For local testing with the default Compose port, use:

http://localhost:5710/auth/google/callback

NOX_SYNC_PUBLIC_URL must match the public origin you use in the browser. Do not include a trailing slash.

Backend Data

The backend stores all persistent state under /data:

• /data/nox-sync.db
• /data/blobs
• /data/staging
• /data/logs

Back up the whole /data directory as one unit. Restoring only the database or only the blobs can leave metadata and file content out of sync.

Soft-deleted vaults can be restored from the dashboard or plugin. Permanently deleting a vault removes its metadata and cleans up unreferenced finalized blobs where safe.

See Backend configuration for environment variables and Docker details.

Build From Source

Use this path if you want to modify the code or build everything locally.

Backend:

cd backend
go test ./...
go run ./cmd/nox-sync

Plugin:

cd plugin
npm install
npm run typecheck
npm run test
npm run build

The installable plugin files are written to plugin/dist/:

main.js
manifest.json
styles.css

Local development backend with Docker:

docker compose -f docker-compose.dev.yml up --build

Release Notes

Backend releases are Docker images. The production Compose example uses:

ghcr.io/mapherez/nox-sync:latest

Plugin releases should attach these files as GitHub release assets:

main.js
manifest.json
styles.css

The release tag should match the version in plugin/manifest.json.

Documentation

• User setup guide
• Backend configuration
• Troubleshooting
• Security policy

Security And Quality

NoX Sync uses GitHub Actions for backend tests, plugin type checks, plugin tests, plugin builds, and Docker image builds. CodeQL and OpenSSF Scorecard workflows are included for automated security scanning and repository health checks.

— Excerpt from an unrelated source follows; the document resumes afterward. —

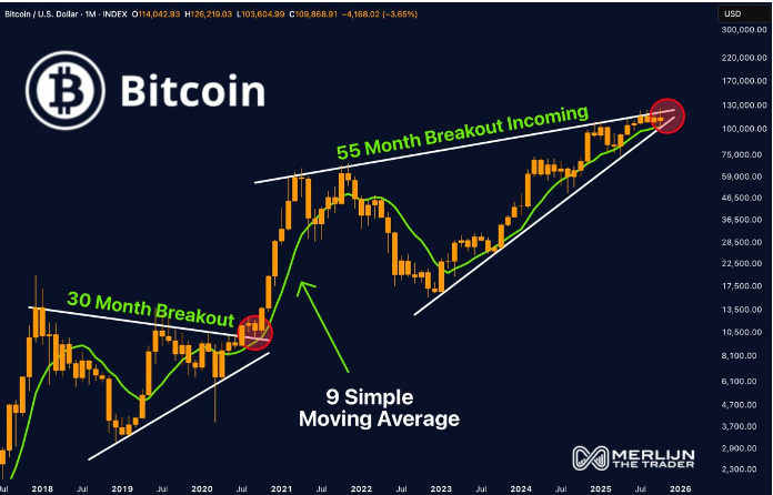 比特币目前的交易价格约为10.9万美元,略低于此前的高点。9个月简单移动平均线保持不变,这是一个技术基础,在历史上,一旦阻力让位,就会出现大幅向上延伸。

Security issues should be reported privately. See Security Policy.

License

NoX Sync is released under the GNU General Public License v3.0. You can use, copy, modify, self-host, and redistribute it, but distributed modified versions must remain open-source under the GPL. The software is provided without warranty.

Safety Model

NoX Sync treats the backend as the authority for users, vault ownership, sync locks, sessions, remote state, and commits. Files are not considered synced until content hashes are verified and the backend commit succeeds. Users cannot access each other's vaults, conflicts are explicit, and normal sync does not silently overwrite local or remote changes.

Obsidian Policy Disclosures

NoX Sync is intended to be clear about the behaviors Obsidian asks plugin authors to disclose:

• Account requirement: Full sync access requires an allowlisted Google account on the self-hosted backend. The plugin itself authenticates with the user's backend API key.
• Network use: The plugin sends vault manifests, file content, sync status requests, and vault management requests only to the Server URL configured by the user. The backend dashboard uses Google OAuth for login. The optional support link opens Buy Me a Coffee only when clicked.
• Payment: No payment is required for full access. The Buy Me a Coffee link is optional.
• Telemetry: The plugin does not include client-side telemetry or analytics.
• Ads: The plugin does not load dynamic ads. The settings page includes an optional static support link.
• File access: The plugin uses Obsidian's vault APIs for files inside the currently opened vault, including .nox-sync-trash/. It does not access files outside the vault.
• Updates: The plugin does not include a self-update mechanism. Updates are installed through Obsidian/GitHub release files.